Scan the records below for the line with "1. Antirrobo: Adecuado" and the line with "Wykonany jest w", and retype that range exactly, both ends included, pictures excepted.

#### EXERCISE INPUT
"""

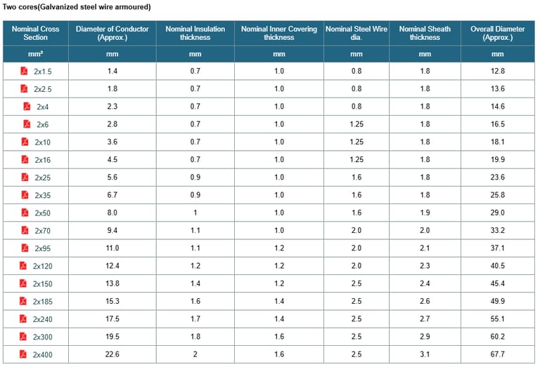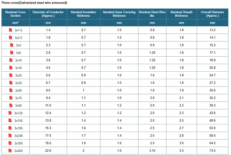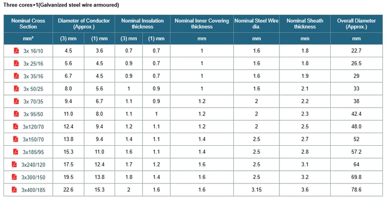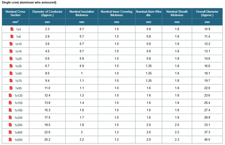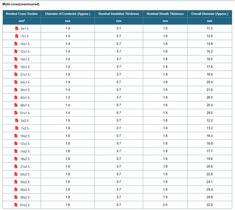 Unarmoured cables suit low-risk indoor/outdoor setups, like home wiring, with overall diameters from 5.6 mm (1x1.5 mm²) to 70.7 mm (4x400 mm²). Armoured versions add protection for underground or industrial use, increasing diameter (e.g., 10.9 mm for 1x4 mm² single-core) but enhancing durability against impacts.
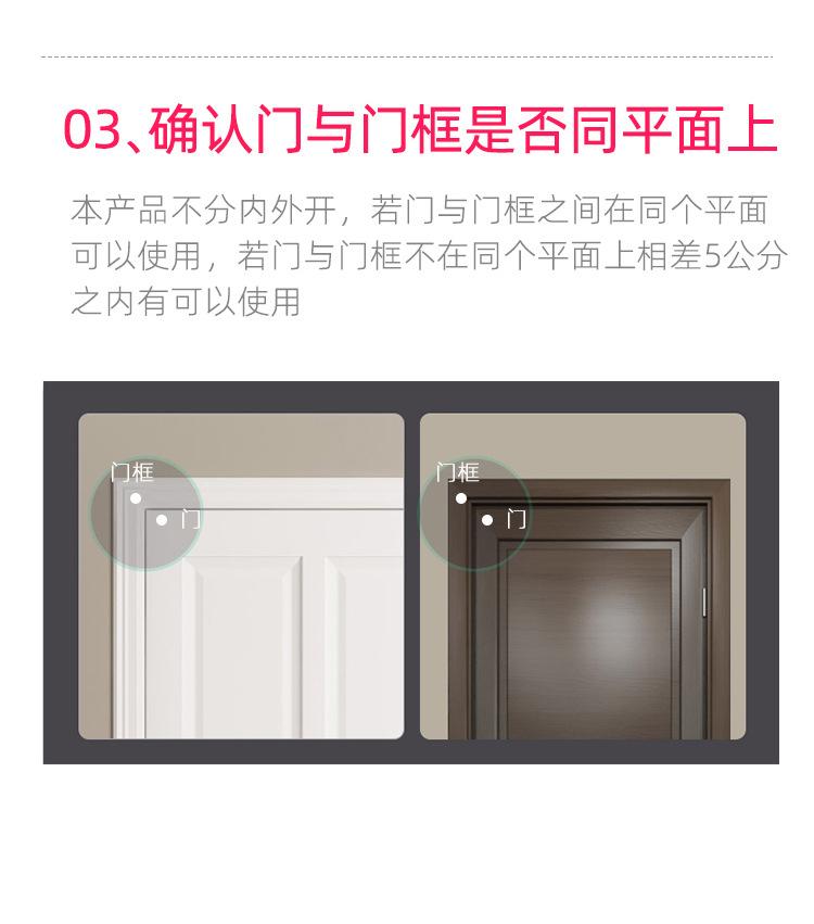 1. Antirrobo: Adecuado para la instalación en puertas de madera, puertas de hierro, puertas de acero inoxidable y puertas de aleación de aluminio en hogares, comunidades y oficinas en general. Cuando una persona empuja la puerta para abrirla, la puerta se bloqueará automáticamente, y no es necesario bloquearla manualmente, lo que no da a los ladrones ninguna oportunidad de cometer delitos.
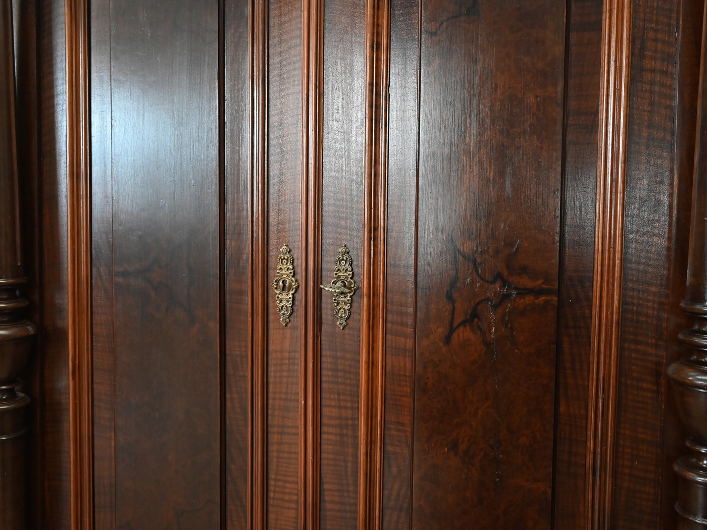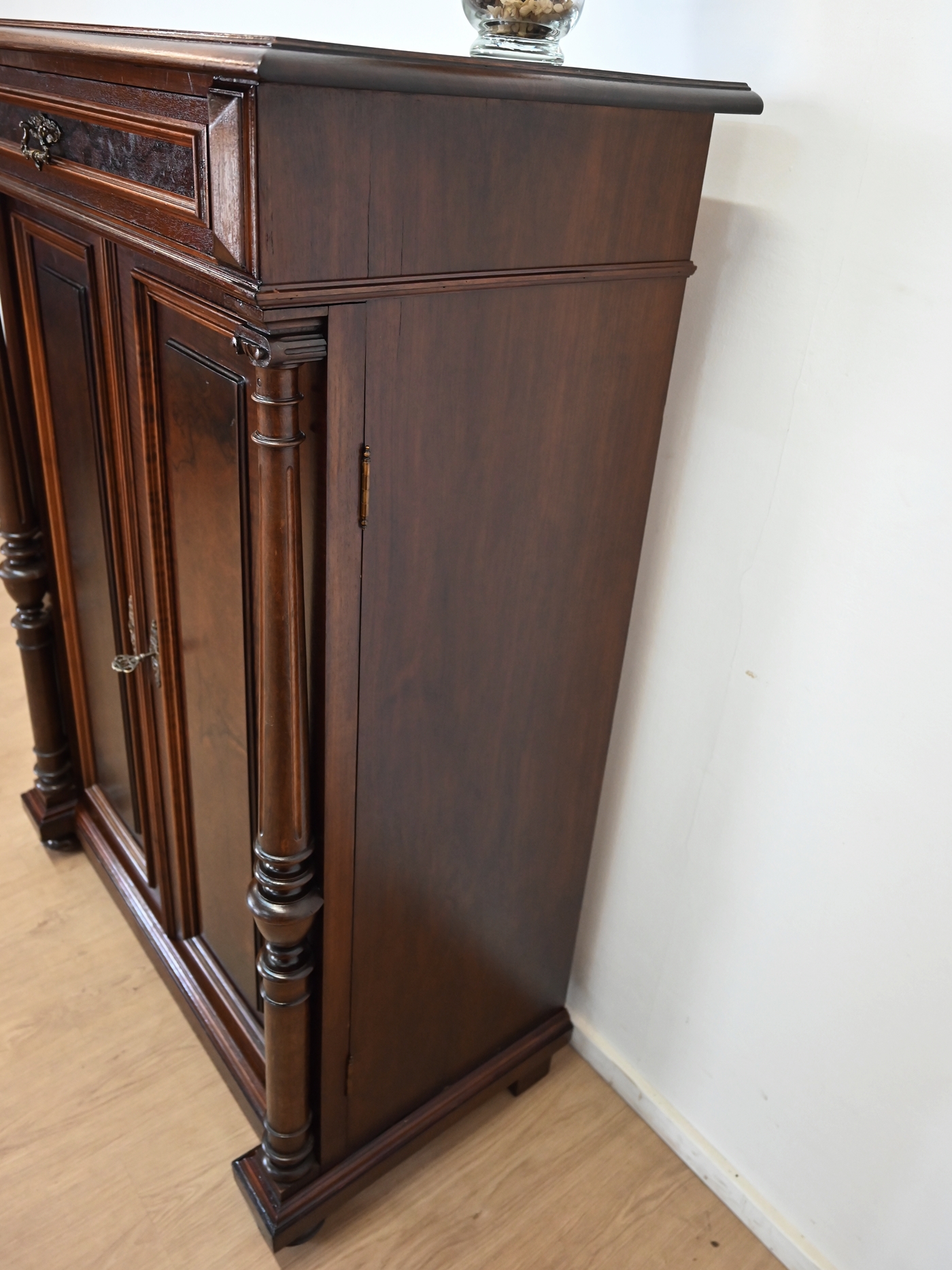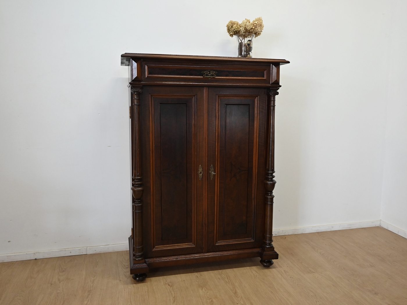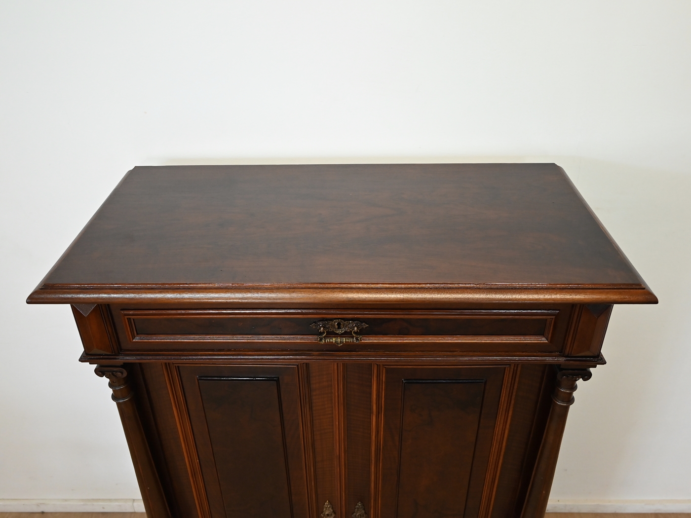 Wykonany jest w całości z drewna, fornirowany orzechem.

"""
"""

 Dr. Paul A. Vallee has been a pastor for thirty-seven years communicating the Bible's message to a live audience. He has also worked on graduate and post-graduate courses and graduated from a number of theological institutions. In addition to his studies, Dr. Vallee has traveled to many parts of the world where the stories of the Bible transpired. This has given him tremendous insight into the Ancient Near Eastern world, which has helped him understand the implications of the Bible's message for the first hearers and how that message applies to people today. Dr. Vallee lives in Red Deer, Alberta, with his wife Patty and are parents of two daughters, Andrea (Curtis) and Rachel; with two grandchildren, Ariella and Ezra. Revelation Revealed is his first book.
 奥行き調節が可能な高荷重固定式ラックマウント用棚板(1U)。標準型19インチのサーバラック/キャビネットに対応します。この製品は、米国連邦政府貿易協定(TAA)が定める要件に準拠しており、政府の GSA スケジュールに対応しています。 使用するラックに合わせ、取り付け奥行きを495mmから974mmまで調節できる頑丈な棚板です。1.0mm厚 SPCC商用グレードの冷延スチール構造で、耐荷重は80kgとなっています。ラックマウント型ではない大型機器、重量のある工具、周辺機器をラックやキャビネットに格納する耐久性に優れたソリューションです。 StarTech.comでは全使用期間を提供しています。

"""

#### RESULT BELOW
 1. Antirrobo: Adecuado para la instalación en puertas de madera, puertas de hierro, puertas de acero inoxidable y puertas de aleación de aluminio en hogares, comunidades y oficinas en general. Cuando una persona empuja la puerta para abrirla, la puerta se bloqueará automáticamente, y no es necesario bloquearla manualmente, lo que no da a los ladrones ninguna oportunidad de cometer delitos.
 Wykonany jest w całości z drewna, fornirowany orzechem.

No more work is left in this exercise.